Whether it is Gordons solicitors or Grant Thornton taking on apprentices direct from school to give youngsters from disadvantaged backgrounds a leg-up into working for large companies, Harrogate Spring Water providing clean water pumps to some of the poorest regions on the planet, or Persimmon Homes providing pathways back in to the world of work for returning servicemen and women, there are legion examples in Yorkshire, and beyond, of corporations benefiting their communities and making a real difference that extends beyond EBITDA and employment.
We in the media like to make as much copy as we can out of the bad apples who harm the image of British business, not out of glee at their shaming, but because they are very much the exceptions when it comes to how companies are run and operated.

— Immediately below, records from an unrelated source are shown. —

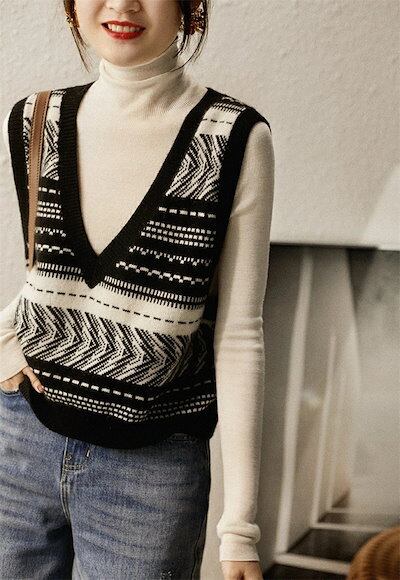ニットベスト レディース ベスト Vネック ベスト トップス 春 秋 冬 総柄 ベスト プルオーバー ノースリーブ 大きいサイズ 秋ベスト レイヤード 重ね着 ゆったり オフィス OL 通勤 カジュ
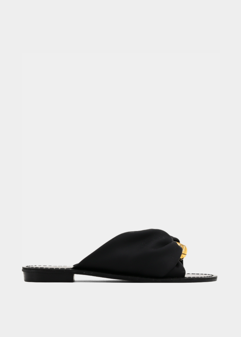 Timeless with a bold edge. The DAWN sandal in Black redefines minimalism with its knotted draped upper in sleek faux leather. Set on a structured footbed with a contrasting black insole, this slide blends effortless sophistication with wear-anywhere appeal. A must-have for every fashion-forward wardrobe.
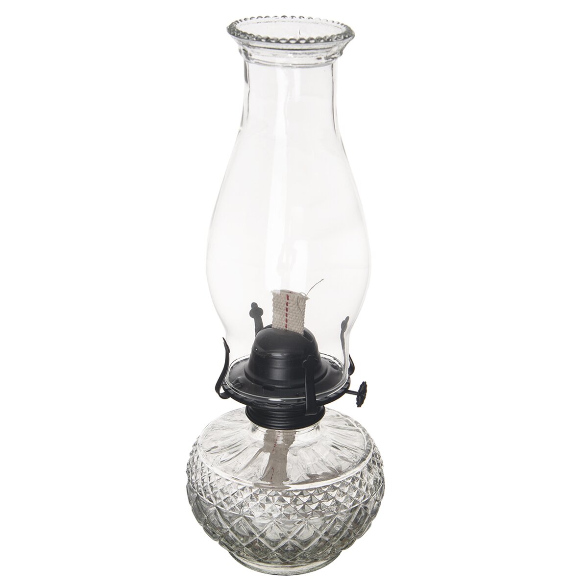 Kód produktu 822259Petrolejová lampa se skleněným tělem, klasickým cylindrem s dekorativní horní částí a bavlněným knotem slouží po naplnění petrolejem nebo lampovým olejem jako doplňkové světlo v interiéru.
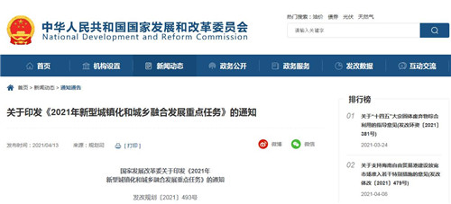 國家發(fā)展改革委關(guān)于印發(fā)《2021年新型城鎮(zhèn)化和城鄉(xiāng)融合發(fā)展重點任務(wù)》的通知
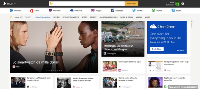 Il nuovo sito MSN dunque includerà un link direto per accedere ai numerosi servizi Microsoft ed una maggiore integrazione con i social network più diffusi. Infatti sulla parte superiore del sito è presente una barra multifunzione che permetterà di accedere ai servizi Microsoft come Outlook, OneDrive, Office, OneNote e Mappe ma anche di accedere a Facebook, Twitter e senza dimenticare il servizio musicale di Xbox ed ovviamente l'integrazione con Skype.
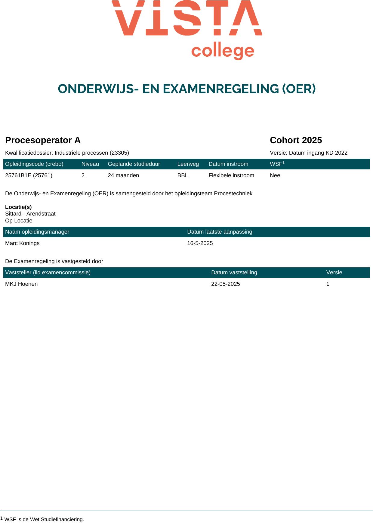 Procesoperator A 25761B1E in cohort 2025-2026
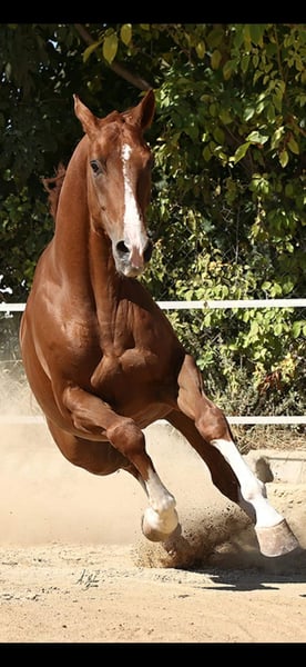 CDE Chestnut son of Santano, very well-trained with an excellent temperament.
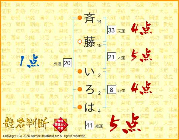 斉藤いろはさんの総運は41画の5点!
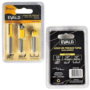 Jogo de Fresas Tupia para Madeira Haste 6 MM Kit 3 Peças EVJF-03 EVALD
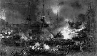 Latouche-Tréville was promoted to rear-admiral on 1 January 1793.[1] He was then sent on a mission to Napoli, after that kingdom's ambassador to Constantinople had precipitated a diplomatic conflict by insulting his French counterpart. Latouche threatened to bombard the city, and obtained apologies from Ferdinand I of the Two Sicilies.[25] Latouche then departed, but had to double back to Napoli to repair due to gale-force winds, eventually making his rendezvous with Truguet on 8 February 1793.[25] On 14 February, they landed 6,000 volunteers at Cagliari, who had to reembark under fire and in a gale two days later.[25] The fleet then returned to Toulon once more.[25]
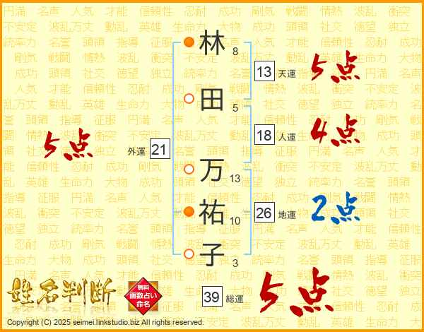 林(8画)田(5画) 万(13画)祐(10画)子(3画)
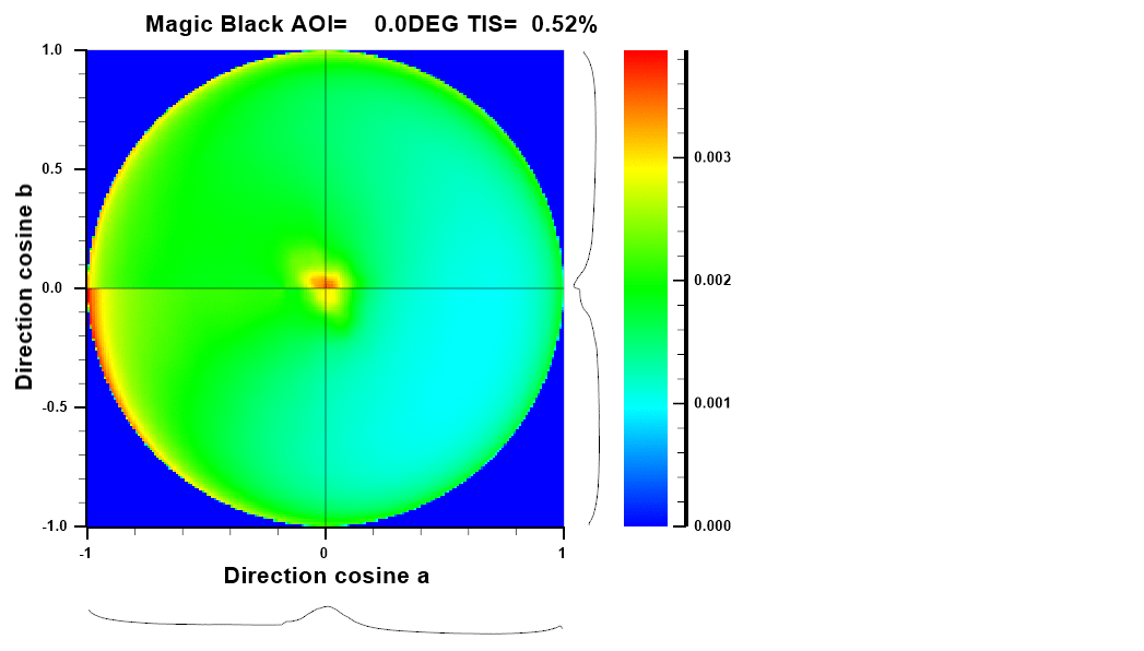 The example shows a pseudo-color plot of the BRDF of #MagicBlack for varying angles of incidence. Magic Black is a high-performance black coating optimized for the visible spectrum made Acktar (ACM Coatings GmbH (subsidiary of Acktar Ltd.)
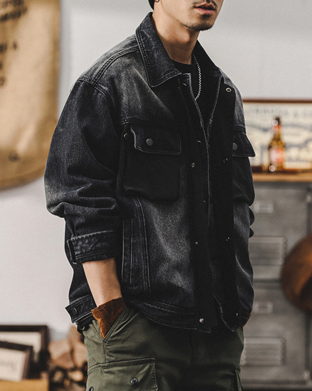 ケイラ― ダブルポケットウォッシュブラックデニムジャケット 2170
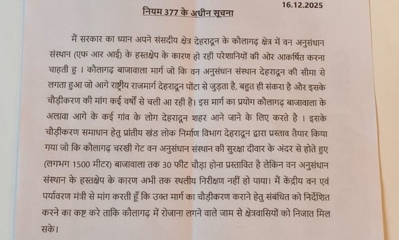 श्रीमती माला राज्य लक्ष्मी शाह ने केंद्रीय वन, पर्यावरण एवं जलवायु परिवर्तन मंत्री से आग्रह किया कि जनहित को ध्यान में रखते हुए उक्त मार्ग के शीघ्र चौड़ीकरण हेतु आवश्यक अनुमति प्रदान की जाए, ताकि स्थानीय नागरिकों को सुरक्षित, सुगम एवं निर्बाध आवागमन की सुविधा मिल सके।
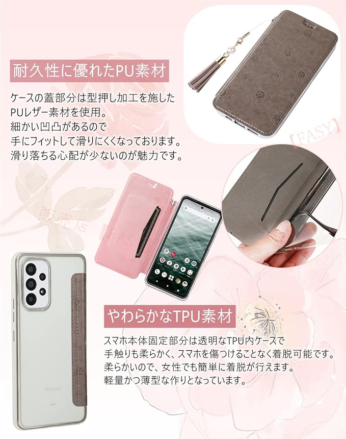 Google Pixel 7a 手帳型ケース 花柄 大人 かわいい FASY グーグル ピクセル7a 携帯カバー Pixel7A ケース メタリック カードポケット カード収納 SoftBank スマホケース 携帯ケース クリア 透明 軽量 薄型 タッセル チャーム ストラップ付き 手帳型 大人 おしゃれ かわいい 耐衝撃 革 女子 TPU マグネットなし グレー
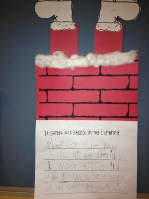 This week I really wanted to do something Christmasy and fun. When I saw this adorable pin, I knew what I wanted to do! We started on Monday by just sitting together and verbalizing our answer to this question: “What would you do if Santa was stuck in your chimney?” Tuesday and Wednesday we took time to get our ideas down on paper and add details to explain our plan of action to help out old Mr. Claus. Today we wrote our final draft and then made our stuck Santas! (Side note: I noticed last week that some of my students felt the need to write on every line that I gave them. So this week I differentiated my paper giving them what they needed based on their rough draft. It worked great!) Here’s just a few examples.
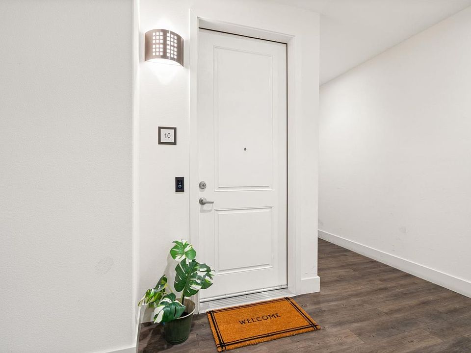 Step outside onto the charming balcony, which opens to a serene green areaa perfect spot to enjoy your morning coffee or unwind after a long day. Practical features like a dedicated laundry area add convenience to your daily routine, while stylish and durable flooring throughout the home enhances its appeal and functionality.
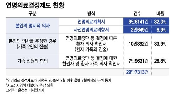 연명의료결정법에 따르면 환자가 의사를 표현할 수 없을 때 사전연명의료의향서나 연명의료계획서가 있으면 연명의료를 중단(유보)할 수 있다. 국회 보건복지위원회 소속 서영석 민주당 의원이 보건복지부로부터 받은 자료에 따르면 지난 7월 말까지 29만 7313명이 CPR, 인공호흡기 치료 등 7개 연명의료 행위를 중단(유보)하고 존엄사 했다.
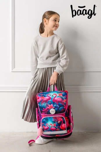 Ensemble scolaire stylé avec motif de flamants roses pour le premier cycle du primaire, comprenant un cartable ergonomique, une trousse, un sac à cordon, un tablier et un porte-monnaie à porter autour du cou. Le cartable dispose d’un système dorsal réglable, d’un dossier ergonomique, d’une fermeture magnétique Fidlock, d’éléments réfléchissants et d’une construction légère et déperlante pour un port sûr et confortable. Des poches pratiques et une organisation bien pensée assurent une parfaite visibilité de toutes les fournitures scolaires.
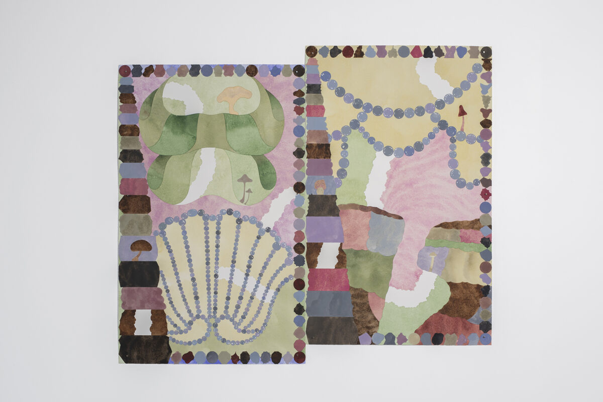 Les Vermiculures constituent un ensemble de gouaches sur papier explorant les méandres de la mémoire à travers le motif de la grotte artificielle. Le terme vermiculure désigne ces tracés sinueux creusés par les larves d’insectes dans le bois ou l’écorce, labyrinthes organiques qui évoquent autant l’érosion que l’inscription.
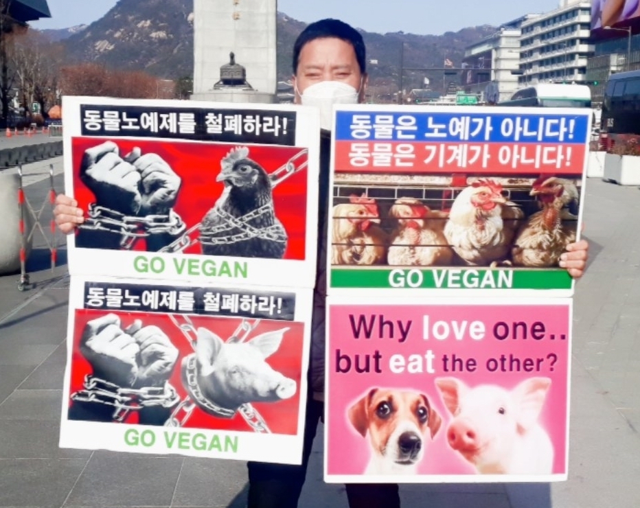 [비건뉴스=최유리 기자] 서울 광화문 이순신 동상 앞에서 12월 2일 ‘국제 노예제 철폐의 날’을 맞아 동물보호단체들이 공장식 축산 중단과 비건 전환을 촉구하는 포토행동을 진행했다. 현장에는 한국동물보호연합, 한국비건채식협회, 기후위기비건행동, 한국비건연대, 한국채식연합이 함께했다. 참가자들은 피켓과 퍼포먼스를 통해 배터리 케이지와 임신틀 등 공장식 사육 구조가 초래하는 문제를 지적하며 동물 억압을 끝내야 한다고 목소리를 냈다.
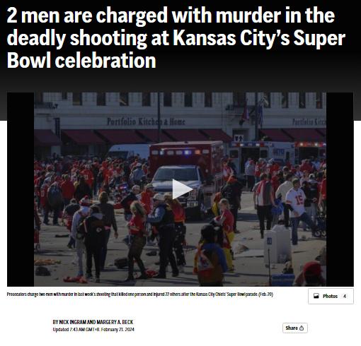 此前報(bào)道,美國密蘇里州堪薩斯城14日在舉行美國職業(yè)橄欖球大聯(lián)盟“超級碗”勝利游行時(shí)發(fā)生槍擊事件,造成至少1人死亡、20余人受傷。
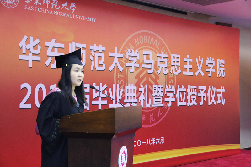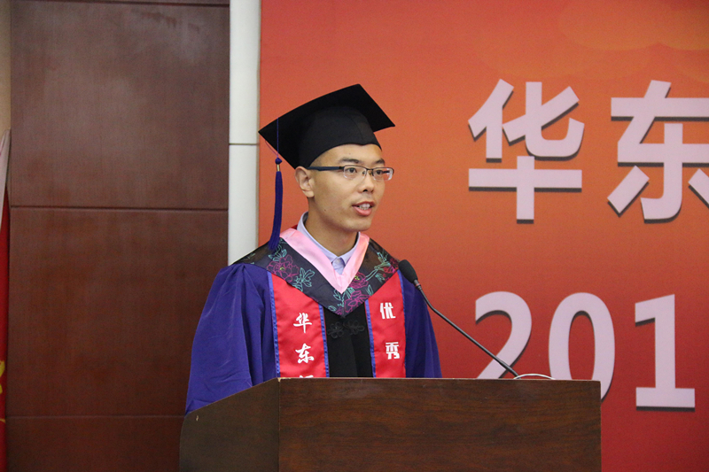 研究生代表、马克思主义发展史专业硕士毕业生石超代表研究生发言:学在华师大,爱在华师大,这所有大师、有底蕴、有温情的优雅学府,培养了一批又一批优秀的华师学子,作为毕业生收获硕果也肩负重任,新的起点,新的征程,定将谨记师长教导,全力以赴,在新的人生征途书写华丽的人生篇章!
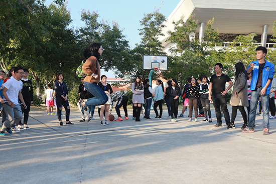 最后一个项目是“8”字跳绳,是由两名同学在两旁摇一根很长的绳子,同学们排好队从一边接连的跳过去,在相同时间内跳过去的同学最多组获胜。

We know for sure that they do not stand for British business nor should they be held up as examples of how things operate in real life.
The expression “with great power comes great responsibility”, first coined by either the French philosopher Voltaire or cartoon character Spiderman depending upon who you believe, is unequivocally true and one that everyone should bear in mind on a day-to-day basis.
Business in this region has done so much good. Without the intervention of our region’s top business leaders I am confident the quest for devolved powers for the region would be nowhere.
Thanks to so many company bosses, the issue has never come off of the agenda. And when we do get a settlement that delivers on our collective potential we will owe them a huge debt of gratitude.
And if ever we needed an example of how to cope with challenge an adversity, we need only look to the example of Trevor Hicks to give us all the inspiration we need to never give up in the pursuit of what is right and necessary.